Yeah meanwhile your fellow wingers are signing petitions to secede. Talk about traitors!
It’s not that we were two competing systems. It’s that we still are.
Except this time it’s not in your face with subs and nuclear weapons. It’s stealthy and using the institutions in the West where the government essentially controls all the variables. And everyone must show up for an extended period of the most malleable time of their life.

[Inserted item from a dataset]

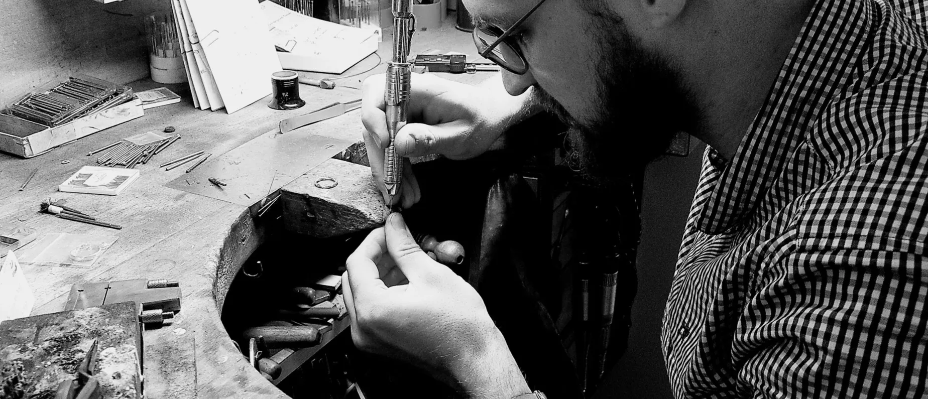 Pro Jahr erreichen mich circa 50 Bewerbungen – wovon ich ungefähr 40 direkt ablegen kann, da auch deren Verfasser*innen eine romantische Vorstellung von unserem Beruf haben. Die Arbeit als Goldschmied ist aber ganz klar ein Handwerksberuf. In der Werkstatt ist es anstrengend, die Finger werden schmutzig, man sitzt den ganzen Tag fokussiert an seinem Platz. Abgesehen davon steht bei uns die Kundenberatung im Zentrum. Diese gemeinsame Entwicklung finde ich persönlich extrem spannend und schön.
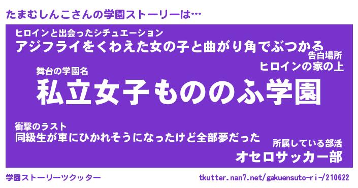| 女子向けラノベタイトル風あだ名 | 『たまむしんこ姫と円卓の騎士』 |

http://www.invisibleserfscollar.com/so-now-common-core-rejects-individual-thinking-to-embrace-soviet-psychology-ecology/ is what is coming at us K-12 and higher ed. Preschool is next using the Reggio Emilia template. I actually do know what so many of the educators apparently had been told from the mid-80s on on how to use a different front to fight over gaining the desired control over consciousness. I had to read it from multiple angles in many places while saying “Really?” to accept it was not quite as over as we were led to believe.
And now Ron writes that a TV series wants to help explore the competing systems.
Filtering mindsets. The perception of the day to day. Precisely what is being targeted. Not just Oliver Stone, now it is a TV series with likeable characters.
A comment fully worthy of RR’s post.
SHOULD READ
“the Soviets had lots of sleeper cells of KGB agents living in the United States ready to go when called.”